To measure the accuracy of H, the evaluation module performs set operations on
the success set of H, SS(H), and the positive and negative examples. So, for
example, to measure the rate of false positives (a component of accuracy) the
evaluation module takes the set intersection of SS(H) and E⁻. So a “false
positive” is an atom of the predicate of H, that is in the intersection of
the set of negative examples and the success set of H. And so on for false
negatives, true positives and true negatives.

For reference, the following is the current bit of code that measures false
positives. The ground/1 check is to avoid the issues I’ve been discussing.
Rs is the success-set, Neg is the negative examples and NP are the false
positives:

false_positives(Rs,Neg,NP):-
	ground(Rs)
	,!
	,ord_intersection(Rs,Neg,NP).
false_positives(Rs,Neg,NP):-
	intersection(Rs,Neg,NP).

The problems begin when the background knowledge a) is non-ground, b) cannot
be ground, or c) is not datalog. By “datalog” I mean Horn clauses with no
function symbols of arity more than 0 and with no literals negated by negation
as failure. If (a), (b), or (c), the TP operator can’t be used or will return
nonsensical results, so that option is out.

The second option, using ordinary SLD resolution to generate SS(H) does not
care about grounding, but that doesn’t mean it will always generate ground
terms. One recent experiment that’s been giving me trouble is learning a DCG
from a set of example strings (taken from a language used in a popular card
game). The background knowledge is also a DCG. Note that examples are always
ground. In fact, examples must be ground for the algorithm to work as
expected.

Here is an example string, generated by calling phrase/2 on a “true” grammar
(hey, it’s an experiment):

ability([return,target,planeswalker,from,a,graveyard,to,'its\'','owner\'s',hand],[]).

Here’s a clause in the learned grammar covering that example:

ability(A,B):-return_verb(A,C),target_from_graveyard_to_hand(C,B).

And here’s the relevant atom of the success set of ability/2:

ability([return,target,planeswalker,from,a,graveyard,to,'its\'','owner\'s',hand|A],A).

This should explain the ground/1 check in my false_negatives/3, above.
ord_intersection/3 will consider the example string and the success set atom
above to be distinct and it will not add them to the intersection of SS(H) and
examples. intersection/3 will unify them and add them to the intersection.

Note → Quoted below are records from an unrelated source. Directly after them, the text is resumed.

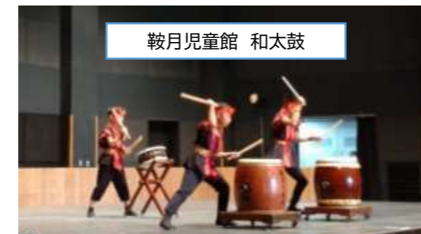
鞍月児童館 和太鼓
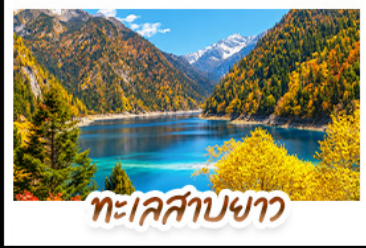
ทะเลสาบขาว
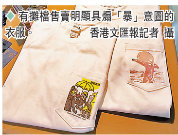
有攤檔售賣明顯具煽「暴」意圖的衣服。

香港文匯報記者發現，有的攤位銷售飾品，有的則銷售諸如卡套、磁石、「尿袋」（流動充電器）、盒子、上衣等物品。在這些貨品上，大多會印上與2019年黑暴時期相關文宣及標語，有的衣物上更直接貼着黑暴形象的圖案。
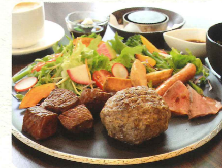
図11:00～14:30(LO14:00) ☎0978-63-4381 図不定休

MAP F おおいた和牛使用 よくばりお肉とたっぷり野菜プレート 芳の芽 1,650円(税込)
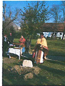
Emlékfa, emléktábla szentelés
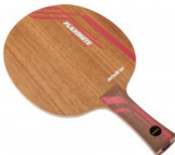
andro Flaxonite Driver OFF
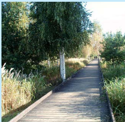
Kolekcja traw ozdobnych oglądana ze wzniesionych pomostów.

Zbudowano 5 kilometrów sieci komunikacji wewnętrznej dla pieszych i rowerzystów o nawierzchni żwirowej oraz utwardzono 4 kilometry tras pieszo-rowerowych o znaczeniu ogólnomiejskim. Tereny rekreacyjne wyposażono w elementy małej architektury parkowej, takie jak pomosty widokowe, miejsca grillowania, miejsca biesiad rodzinnych. Zainstalowano me-
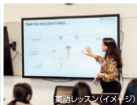
英語レッスン(イメージ)
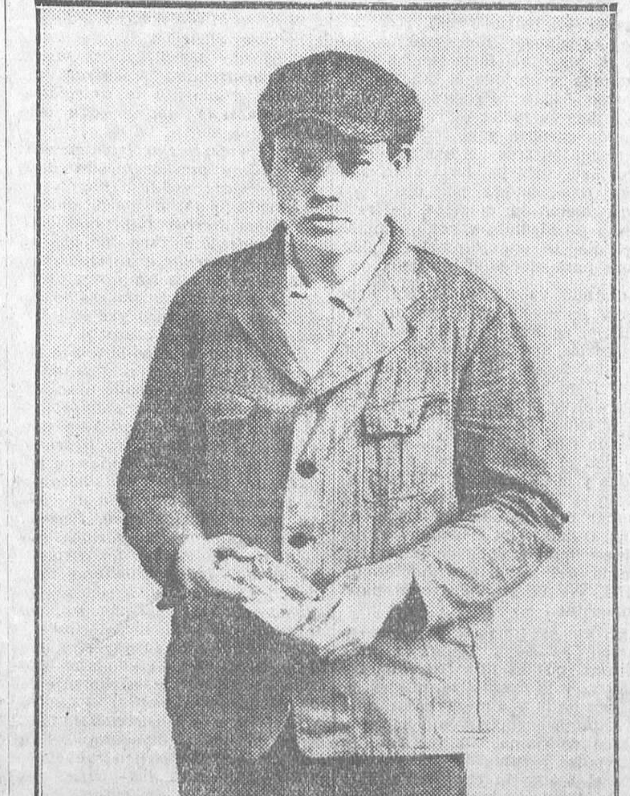
Primera fotografía del comunista holandés Van der Lubbe, al que se atribuye el incendio del Reichstag
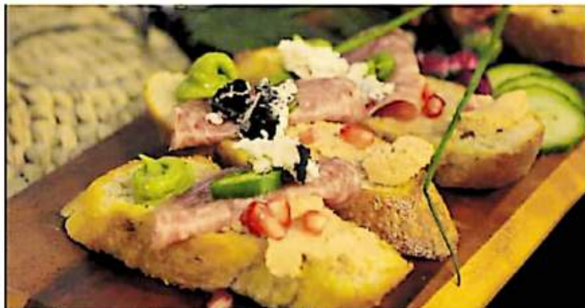
Brusheta de pan tostada con jamón pastrami y pequeños corazones de cáñamo / LOS TRUQUE
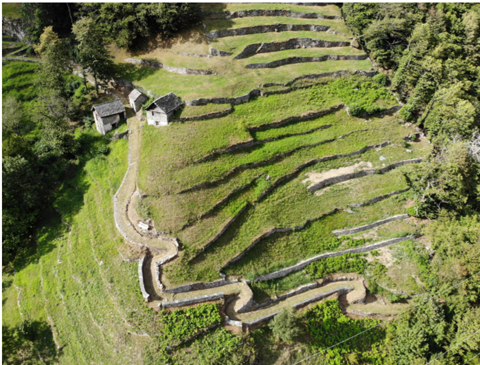
Murs en pierres sèches dans le secteur de «Coste»

En conclusion, malgré les conditions difficiles, nous sommes satisfaits de ce que nous avons réalisé cette année. Néanmoins, nous espérons que l'année prochaine, le déroulement des interventions sera plus facile et que nous pourrons revenir à une situation quasi normale.
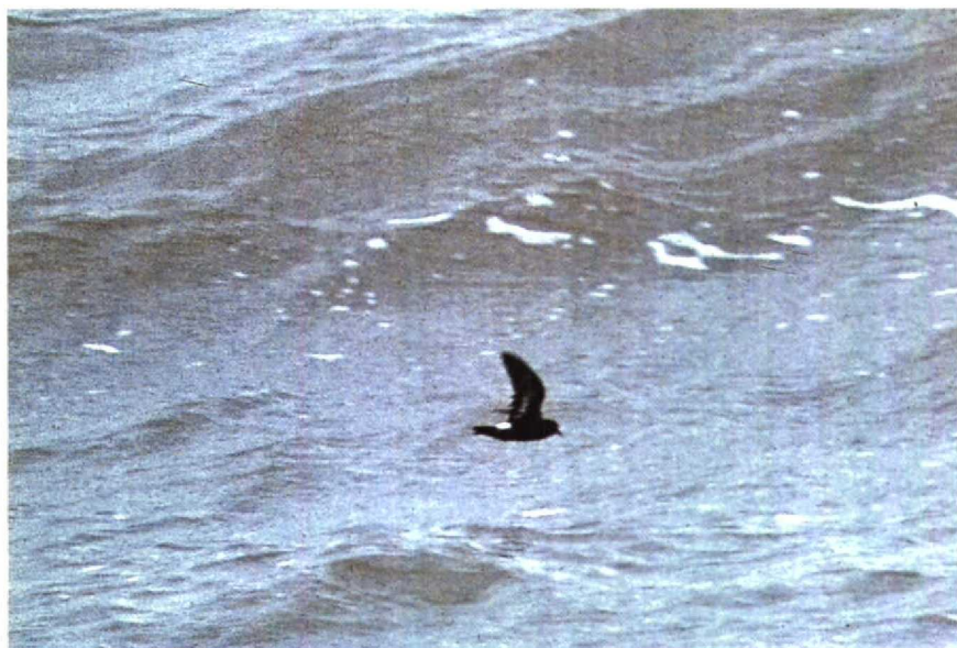
185-186 Stormvogeltje Hydrobates pelagicus , IJmuiden, Noordholland, september 1990 (Arnoud B van den Berg)
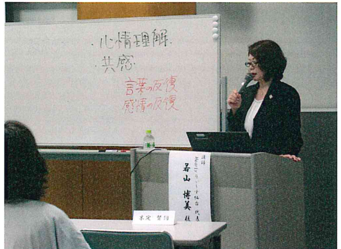
「マナーはルールではなく相手への心遣い」
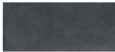
anthrazit | 91
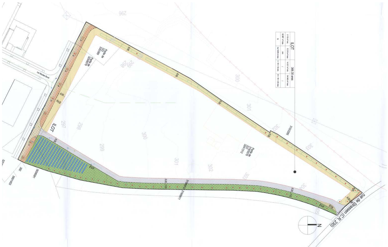
Source : PAP «Rue Nicolas Bové» à Luxembourg, partie graphique – ME Architectes
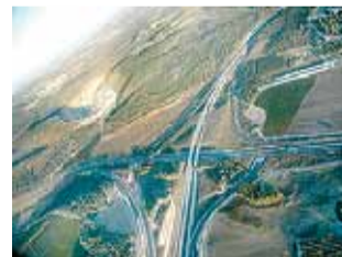
מחלפים. יש התקדמות

"לפני 30 שנה נבחרה בהולנד שרת תחבורה שהצהירה שלא יסללו עוד כבישים. פה עוד לא מוותרים על מחלפים, אבל מקימים מחלף פחות מהיר כדי לבזבז פחות שטח"
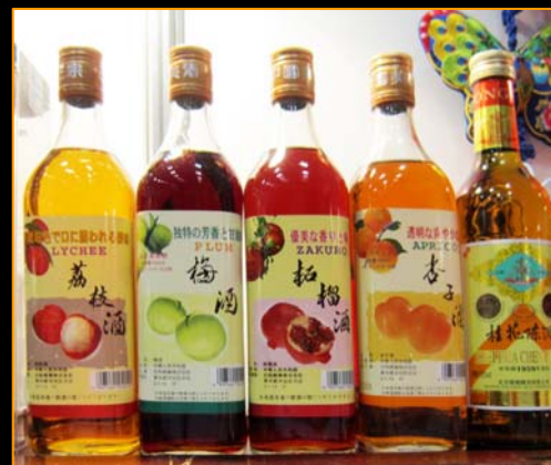
中国のリキュール ライチ・梅・むくろ・杏子など
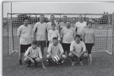
Sportovní s Lužní a Anenskou
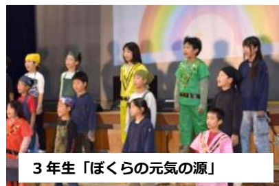
3年生「ぼくらの元気の源」
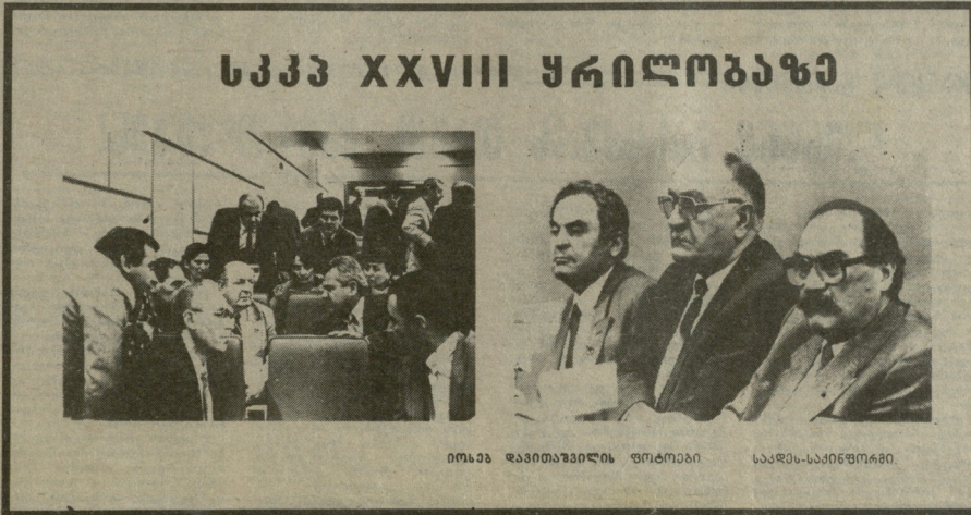
იოსებ ღვინჯიანი, ვახტანგ გომიანი, სააკაშვილი
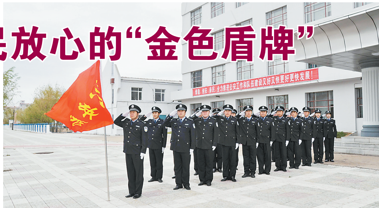
桦川公安民警警姿训练。

从辖区面积、人口到警力数量,桦川县公安局在佳木斯市所属5个县(市)公安局中是最小的。小局,照样遭遇了发展中的瓶颈和短板:科技水平落后,警力不足、人员老化。就是这样一个小局,通过科技强警,筑坚固本强警,在快发展、大发展中拥有了大作为。科技水平提高了,警力充实了,警员精气神足了,发展实现了加速度,公安工作赢得党和人民的满意。
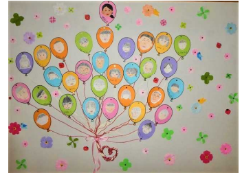
6年生の似顔絵風船

来週24日は修了式になります。5年生が新しいリーダーです。すでに3月1日から登校班の班長が5年生以下の児童に代替わりしています。また、5年生は「6年生を送る会」を立派に運営するなど、徐々に最高学年としての自覚が芽生えてきています。1年生から4年生も見違えるほど、たくましくなりました。令和5年度の活躍を今から楽しみにしています。
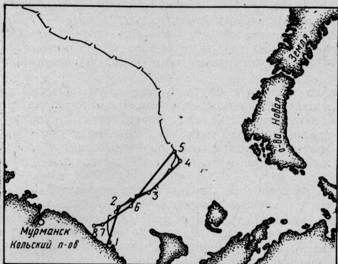
Рис. 1. Карта-схема работ СРТМ «Икар» в Баренцевом море в апреле — мае 1969 г.

— среднегодовая граница кромки льдов март (Морской атлас, т II, 1953г)
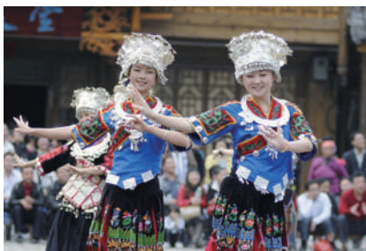
能歌善舞的苗家女
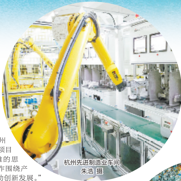
杭州先进制造业车间

杭州投资促进局相关负责人介绍,今年杭州五大产业生态圈确立以后,杭州投资促进局立即成立了五大招商专班,把具有核心竞争力的优势产业作为招商引资的主攻方向,让真正好的项目为杭州高质量发展提供高质量支撑。
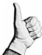
rys. 1 powodzenia (wskazówki)
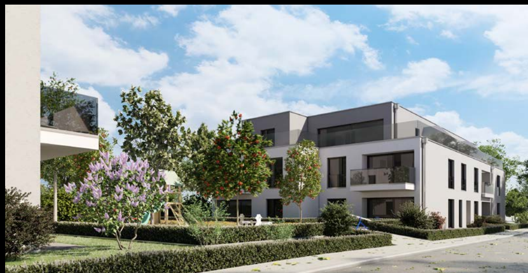
résidences île st-pierre - erlach
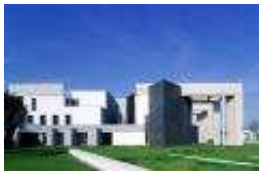
Nieuwbouw van de synagoge van Duisburg, 1998.

De nieuwe gebouwen ontstonden zonder aan te sluiten bij de vooroorlogse synagogen. Men wilde bewust loskomen van de pompeuze monumentale bouwwijze uit het jongste verleden. Functie en techniek bepaalden de bouwwijze. Bovendien was het zaak om, zoals een architect het uitdrukte, "het gemeentelven zodanig te organiseren, dat alle leden konden worden samengebracht en zich naast de godsdienstoefening ook maatschappelijk beter konden leren kennen". Door deze vele verschillende taken leken de nieuwe gebouwen eerder op de gebedshuizen van de gemeenten in lang vervlogen dagen dan op de synagogen van de laatste honderdvijftig jaar.

However, intersection/3 expects no duplicates and generating SS(H) cannot be
guaranteed to not generate any duplicates (e.g. two DCG rules may entail the
same examples) so SS(H) must be sorted to remove duplicates. Below is the bit
in my code that currently does the generation and grounding:

program_results(F/A,Ps,_BK,Rs):-
	configuration:success_set_generation(sld)
	,S = (table(user:F/A)
	     ,assert_program(user,Ps,Refs_Ps)
	     )
	,G = (findall(H
		     ,(functor(H,F,A)
		      ,call(user:H)
		      ,numbervars(H)
		      )
		     ,Rs_)
	     ,sort(Rs_, Rs_S)
	     ,varnumbers(Rs_S, Rs)
	     )
	,C = (erase_program_clauses(Refs_Ps)
	     ,untable(user:F/A)
	     )
	,setup_call_cleanup(S,G,C).

Above, F/A is the predicate of H, Ps is the learned program, _BK is
the background knowledge, used when the “tp” option is selected, and Rs is
SS(H).

(Note the code actually uses SLG resolution to avoid going infinite when the
hypothesis is left-recursive.)

While it is possible to twist things into loops and ground the background
knowledge and the success set of the learned grammar, in this case, I
personally don’t see how this can be done in a general enough manner that will
work for different datasets where non-ground terms crop up for different
reasons. My preferred method to ground terms is to Skolemise them with
numbervars/1 but, for example, in the case of the DCG learning experiment that
would cause false_negatives/3 to fail to return an empty intersection of
SS(H) and examples ('$VAR'(1) in ground H atoms would not unify with
[] in example strings).

My code is on github, you can have a look if you’re still curious:

The evaluation module is in lib/evaluation/evaluation.pl. The dataset is in
data/examples/mtg_fragment.pl Have fun and please report bugs

While I find what you are doing interesting, about half of it is new to me, e.g. Least Herbrand Model and TP operator. When I read your problem the idea that keeps popping into my head is that you should give types to your variables, and then sort. OK so how would you go about giving types to variables that are suppose to be typeless? Use Hindley–Milner type system. AFAIK HM doesn’t have to give concrete types, it just has to infer that different arguments have different types even if those types are not concrete, and the types are consistently used. In functional languages the types can even be functions themselves so with your system, why can the types not be predicates? Don’t know myself, just thinking out loud.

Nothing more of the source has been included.